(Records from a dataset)
*** Block opens ***

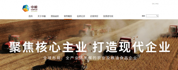 中*集團(tuán)有限公司(COFCO)是立足中國(guó)的國(guó)際一流糧食企業(yè),是全球布局、全產(chǎn)業(yè)鏈、擁有最大市場(chǎng)和發(fā)展?jié)摿Φ霓r(nóng)業(yè)及糧油食品企業(yè),集貿(mào)易、加工、銷(xiāo)售、研發(fā)于一體的投資控股公司。中糧集團(tuán)以“確保國(guó)家糧食安全,把中國(guó)人的飯碗牢牢端在自己手中”為己任,致力于打造具有全球競(jìng)爭(zhēng)力的世界一流糧食企業(yè),構(gòu)建具有中糧特色的國(guó)有資本投資公司。
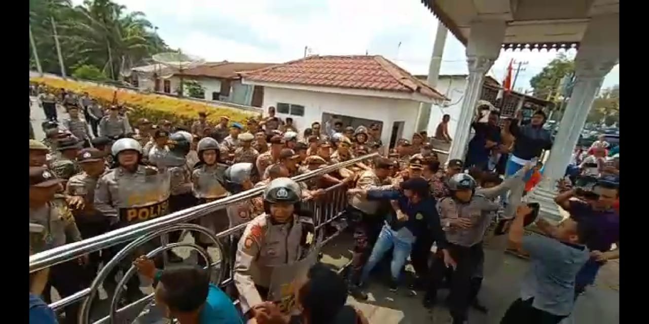 Pagar betis pengamanan yang tergabung dari Sat Pol PP dan personel Polres Labuhanbatu tidak tertembus oleh para pengunjuk rasa. Beralih ke pintu gerbang keluar gedung DPRD, merasa kesal tidak ditanggapi, massa mendobrak masuk dengan mendorong dan menendangi pintu gerbang keluar halaman gedung DPRD Labuhanbatu.
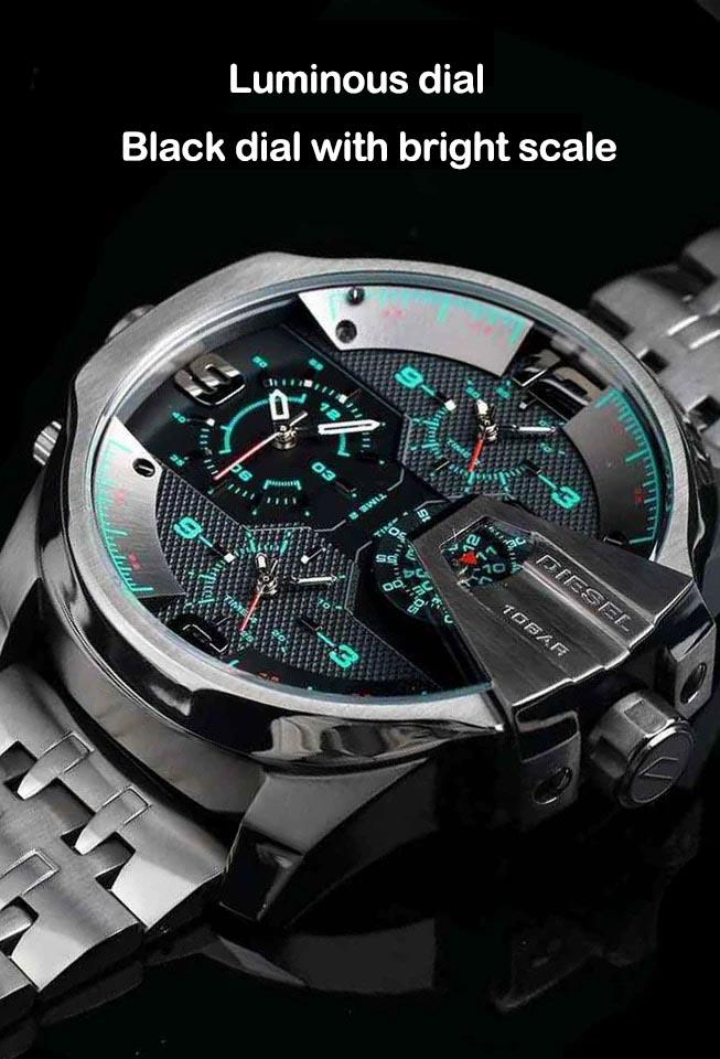 Dominate the field in the gunmetal Diesel Uber Chief watch. The textured black chronograph dial features applied gunmetal Arabics with blue and red tracking accents.
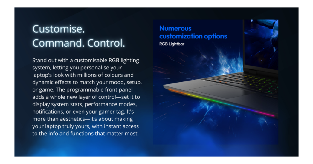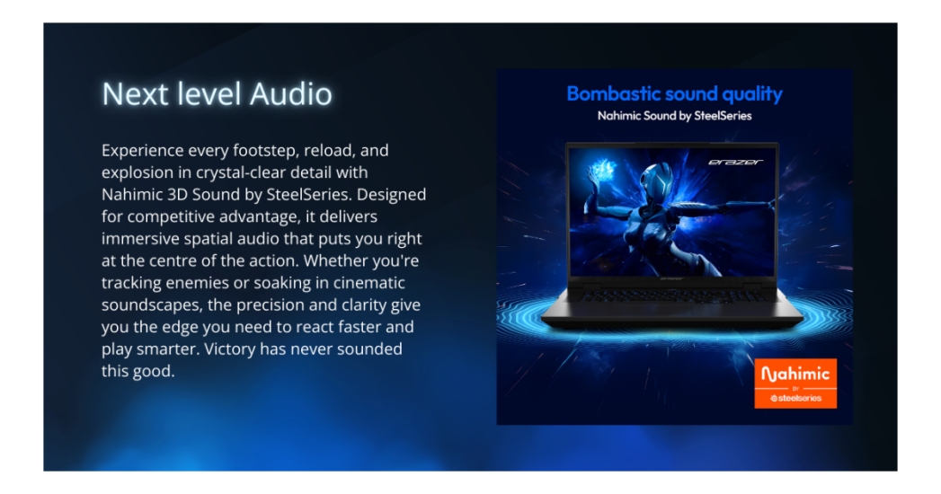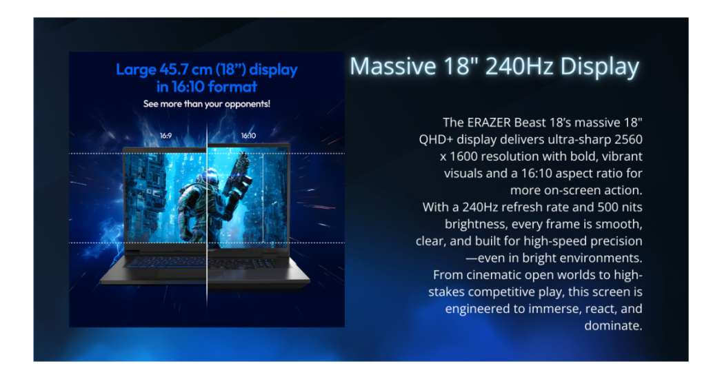 The 18" QHD+ 2560x1600 screen with a 240Hz refresh rate ensures smooth gameplay with zero motion blur. The immersive screen enhances productivity, while Nahimic sound technology deliver cinematic surround sound for an immersive gaming and entertainment experience.
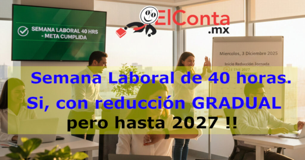 Ver completo en Por fin !! Semana Laboral de 40 horas. Si, con reducción GRADUAL pero hasta 2027 !! La reforma se implementará de forma gradual, con una reducción de dos horas anuales de la jornada ordinaria, hasta alcanzar las 40 horas en 2030. La entrada Por fin !! Semana Laboral de 40 horas. Si, con reducción GRADUAL pero hasta 2027 !! se publicó primero en ElConta.MX.
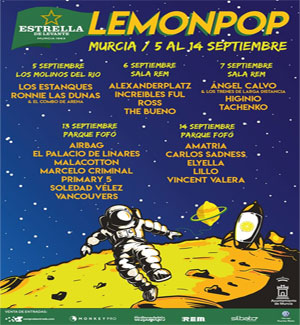 El Festival Lemon Pop celebra su XIV edición del 5 al 14 de septiembre con actuaciones en el Auditorio Parque de Fofó, en la terraza de Los Molinos del Río y la Sala REM.
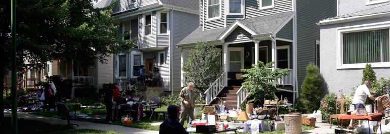 <p>People attend a yard sale in Logan Square as Housing Choice Partners real estate specialist Jessie McDaniels (not pictured) drives Section 8 voucher holders to the Logan Square and Lakeview neighborhoods to view apartments in Chicago, Illinois June 27, 2015. Photo by Joshua Lott for the Washington Post via Getty Images</p>
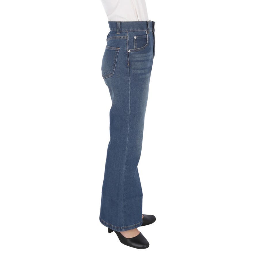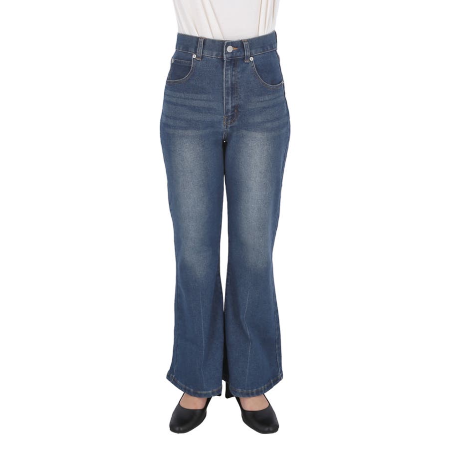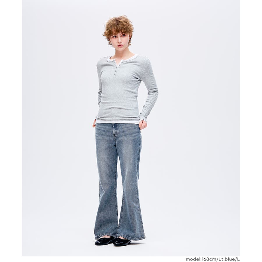 膝下から緩やかに広がるフレアシルエットで、脚のラインを美しく見せてくれるデニムパンツ。

*** Block closes ***

*PROBLEM TO SOLVE*.
The reply should hold every record, unchanged, and no pictures.

*RESULT*.
 中*集團(tuán)有限公司(COFCO)是立足中國(guó)的國(guó)際一流糧食企業(yè),是全球布局、全產(chǎn)業(yè)鏈、擁有最大市場(chǎng)和發(fā)展?jié)摿Φ霓r(nóng)業(yè)及糧油食品企業(yè),集貿(mào)易、加工、銷(xiāo)售、研發(fā)于一體的投資控股公司。中糧集團(tuán)以“確保國(guó)家糧食安全,把中國(guó)人的飯碗牢牢端在自己手中”為己任,致力于打造具有全球競(jìng)爭(zhēng)力的世界一流糧食企業(yè),構(gòu)建具有中糧特色的國(guó)有資本投資公司。
 Pagar betis pengamanan yang tergabung dari Sat Pol PP dan personel Polres Labuhanbatu tidak tertembus oleh para pengunjuk rasa. Beralih ke pintu gerbang keluar gedung DPRD, merasa kesal tidak ditanggapi, massa mendobrak masuk dengan mendorong dan menendangi pintu gerbang keluar halaman gedung DPRD Labuhanbatu.
 Dominate the field in the gunmetal Diesel Uber Chief watch. The textured black chronograph dial features applied gunmetal Arabics with blue and red tracking accents.
 The 18" QHD+ 2560x1600 screen with a 240Hz refresh rate ensures smooth gameplay with zero motion blur. The immersive screen enhances productivity, while Nahimic sound technology deliver cinematic surround sound for an immersive gaming and entertainment experience.
 Ver completo en Por fin !! Semana Laboral de 40 horas. Si, con reducción GRADUAL pero hasta 2027 !! La reforma se implementará de forma gradual, con una reducción de dos horas anuales de la jornada ordinaria, hasta alcanzar las 40 horas en 2030. La entrada Por fin !! Semana Laboral de 40 horas. Si, con reducción GRADUAL pero hasta 2027 !! se publicó primero en ElConta.MX.
 El Festival Lemon Pop celebra su XIV edición del 5 al 14 de septiembre con actuaciones en el Auditorio Parque de Fofó, en la terraza de Los Molinos del Río y la Sala REM.
 <p>People attend a yard sale in Logan Square as Housing Choice Partners real estate specialist Jessie McDaniels (not pictured) drives Section 8 voucher holders to the Logan Square and Lakeview neighborhoods to view apartments in Chicago, Illinois June 27, 2015. Photo by Joshua Lott for the Washington Post via Getty Images</p>
 膝下から緩やかに広がるフレアシルエットで、脚のラインを美しく見せてくれるデニムパンツ。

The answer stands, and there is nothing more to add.